= GOAL OF THE EXERCISE =
All that should come back is the lines of the data below from the one containing "опорах 6 і має" to the one containing "Прогноз магнитных бурь", inclusive, exactly as they stand.

= TASK INPUT =

= = = = = = =

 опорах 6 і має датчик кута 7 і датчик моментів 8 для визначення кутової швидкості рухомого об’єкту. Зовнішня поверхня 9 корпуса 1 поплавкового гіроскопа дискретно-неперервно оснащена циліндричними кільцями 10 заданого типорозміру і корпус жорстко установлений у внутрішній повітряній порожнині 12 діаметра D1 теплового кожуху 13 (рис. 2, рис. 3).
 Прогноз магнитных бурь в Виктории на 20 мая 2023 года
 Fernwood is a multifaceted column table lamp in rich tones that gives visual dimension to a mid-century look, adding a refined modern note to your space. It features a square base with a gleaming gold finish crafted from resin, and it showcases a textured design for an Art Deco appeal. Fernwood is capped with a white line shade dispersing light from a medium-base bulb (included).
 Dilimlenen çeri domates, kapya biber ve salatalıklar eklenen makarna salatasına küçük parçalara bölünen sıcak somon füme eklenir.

= = = = = = =

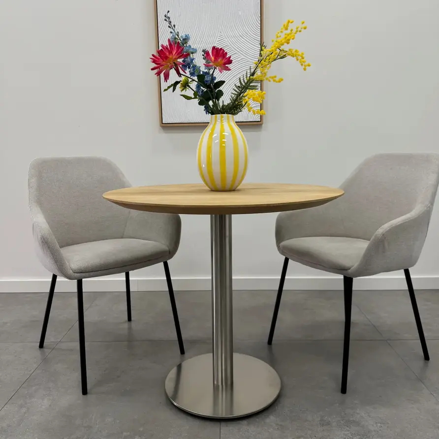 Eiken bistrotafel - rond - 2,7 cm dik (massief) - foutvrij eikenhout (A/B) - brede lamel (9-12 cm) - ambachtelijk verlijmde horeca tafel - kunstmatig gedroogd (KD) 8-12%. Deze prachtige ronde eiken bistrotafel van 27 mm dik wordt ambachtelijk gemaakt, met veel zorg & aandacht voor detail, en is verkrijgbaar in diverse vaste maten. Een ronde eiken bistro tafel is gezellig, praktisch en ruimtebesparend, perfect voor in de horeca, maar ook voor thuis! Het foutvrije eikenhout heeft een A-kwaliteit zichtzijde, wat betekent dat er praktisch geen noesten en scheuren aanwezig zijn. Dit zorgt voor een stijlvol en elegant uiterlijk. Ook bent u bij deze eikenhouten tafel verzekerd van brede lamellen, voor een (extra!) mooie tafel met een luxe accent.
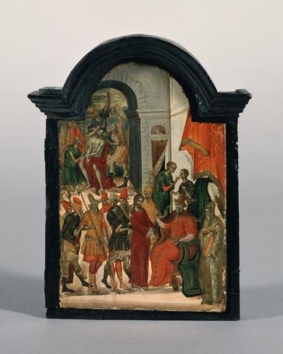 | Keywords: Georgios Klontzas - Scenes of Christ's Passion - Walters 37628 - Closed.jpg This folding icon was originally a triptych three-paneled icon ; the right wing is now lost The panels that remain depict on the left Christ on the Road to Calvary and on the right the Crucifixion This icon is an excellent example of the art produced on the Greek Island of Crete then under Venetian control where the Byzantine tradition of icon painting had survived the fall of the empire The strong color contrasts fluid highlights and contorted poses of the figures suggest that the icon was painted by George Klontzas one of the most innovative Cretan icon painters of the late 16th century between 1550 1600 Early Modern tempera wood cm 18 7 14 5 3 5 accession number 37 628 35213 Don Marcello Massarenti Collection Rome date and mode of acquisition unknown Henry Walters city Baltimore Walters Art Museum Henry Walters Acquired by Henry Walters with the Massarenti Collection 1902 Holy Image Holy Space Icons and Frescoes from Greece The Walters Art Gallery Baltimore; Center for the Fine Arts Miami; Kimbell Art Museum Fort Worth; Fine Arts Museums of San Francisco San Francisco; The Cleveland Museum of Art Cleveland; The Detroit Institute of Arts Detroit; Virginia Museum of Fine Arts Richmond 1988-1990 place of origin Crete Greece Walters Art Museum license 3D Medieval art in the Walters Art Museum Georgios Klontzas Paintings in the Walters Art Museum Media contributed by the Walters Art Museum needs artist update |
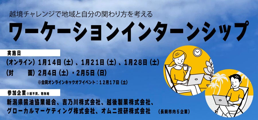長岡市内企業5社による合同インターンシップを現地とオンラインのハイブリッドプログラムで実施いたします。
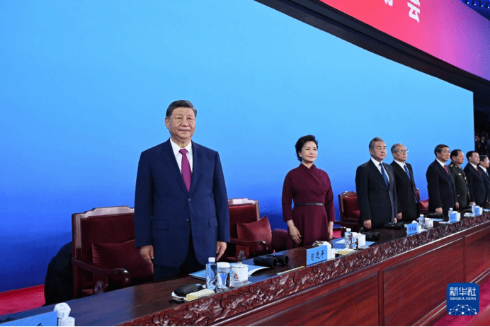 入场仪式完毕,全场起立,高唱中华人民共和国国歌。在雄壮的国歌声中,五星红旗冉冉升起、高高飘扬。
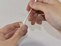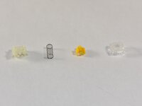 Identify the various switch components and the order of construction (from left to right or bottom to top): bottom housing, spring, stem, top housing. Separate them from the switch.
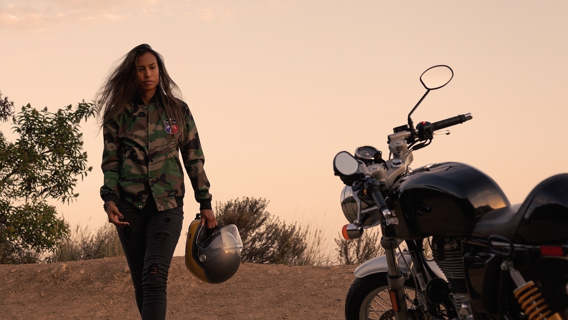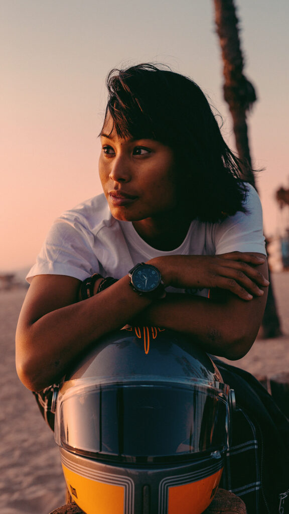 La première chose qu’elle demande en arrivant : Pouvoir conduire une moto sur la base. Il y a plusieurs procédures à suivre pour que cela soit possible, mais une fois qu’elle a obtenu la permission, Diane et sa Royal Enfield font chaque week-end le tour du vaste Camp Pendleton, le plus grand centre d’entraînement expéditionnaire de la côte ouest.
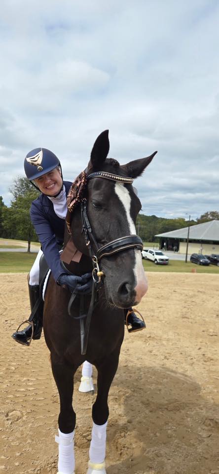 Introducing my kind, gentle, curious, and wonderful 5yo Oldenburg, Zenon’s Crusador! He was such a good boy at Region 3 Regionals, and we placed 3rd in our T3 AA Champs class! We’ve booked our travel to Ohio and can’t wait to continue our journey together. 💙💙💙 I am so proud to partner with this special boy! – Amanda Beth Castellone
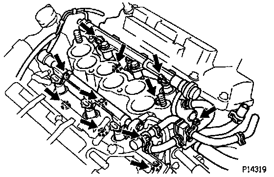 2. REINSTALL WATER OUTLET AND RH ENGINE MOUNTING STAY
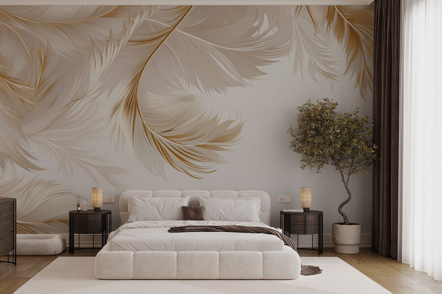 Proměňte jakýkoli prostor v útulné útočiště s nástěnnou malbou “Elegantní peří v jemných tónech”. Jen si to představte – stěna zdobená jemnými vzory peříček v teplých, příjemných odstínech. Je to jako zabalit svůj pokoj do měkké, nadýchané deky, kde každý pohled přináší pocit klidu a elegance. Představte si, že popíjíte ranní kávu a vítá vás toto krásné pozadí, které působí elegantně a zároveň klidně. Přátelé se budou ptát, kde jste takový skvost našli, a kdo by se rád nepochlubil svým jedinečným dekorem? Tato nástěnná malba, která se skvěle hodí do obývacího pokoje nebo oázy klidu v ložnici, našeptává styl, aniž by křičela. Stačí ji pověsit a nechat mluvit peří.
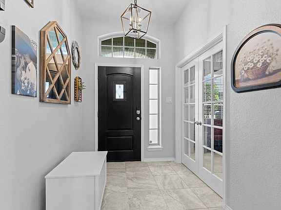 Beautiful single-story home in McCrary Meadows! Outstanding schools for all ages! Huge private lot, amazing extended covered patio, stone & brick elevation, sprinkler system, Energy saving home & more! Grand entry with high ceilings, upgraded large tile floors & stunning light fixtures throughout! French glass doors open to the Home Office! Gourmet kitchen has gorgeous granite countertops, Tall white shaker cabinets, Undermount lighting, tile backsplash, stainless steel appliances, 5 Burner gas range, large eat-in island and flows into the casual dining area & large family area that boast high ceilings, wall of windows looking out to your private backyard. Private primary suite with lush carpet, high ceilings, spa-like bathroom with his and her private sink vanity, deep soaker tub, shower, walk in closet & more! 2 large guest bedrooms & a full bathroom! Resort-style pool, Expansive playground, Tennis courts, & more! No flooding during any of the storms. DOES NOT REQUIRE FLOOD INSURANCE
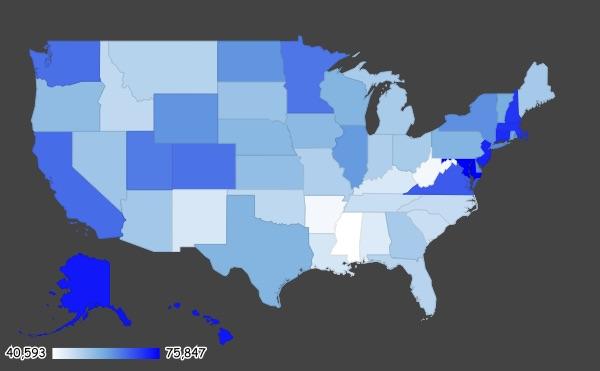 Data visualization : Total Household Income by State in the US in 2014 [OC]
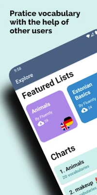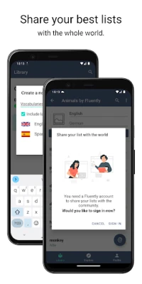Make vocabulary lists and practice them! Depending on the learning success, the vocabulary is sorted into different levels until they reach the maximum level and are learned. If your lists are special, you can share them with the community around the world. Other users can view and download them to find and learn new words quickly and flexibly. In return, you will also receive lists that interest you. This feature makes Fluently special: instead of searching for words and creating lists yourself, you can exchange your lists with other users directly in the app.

= = = = = = =

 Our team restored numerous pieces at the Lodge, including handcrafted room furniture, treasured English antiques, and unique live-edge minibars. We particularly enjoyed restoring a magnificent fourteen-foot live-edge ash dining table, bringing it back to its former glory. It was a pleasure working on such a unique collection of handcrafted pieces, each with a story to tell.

= = = = = = =

= SOLUTION TO THIS TASK =
 опорах 6 і має датчик кута 7 і датчик моментів 8 для визначення кутової швидкості рухомого об’єкту. Зовнішня поверхня 9 корпуса 1 поплавкового гіроскопа дискретно-неперервно оснащена циліндричними кільцями 10 заданого типорозміру і корпус жорстко установлений у внутрішній повітряній порожнині 12 діаметра D1 теплового кожуху 13 (рис. 2, рис. 3).
 Прогноз магнитных бурь в Виктории на 20 мая 2023 года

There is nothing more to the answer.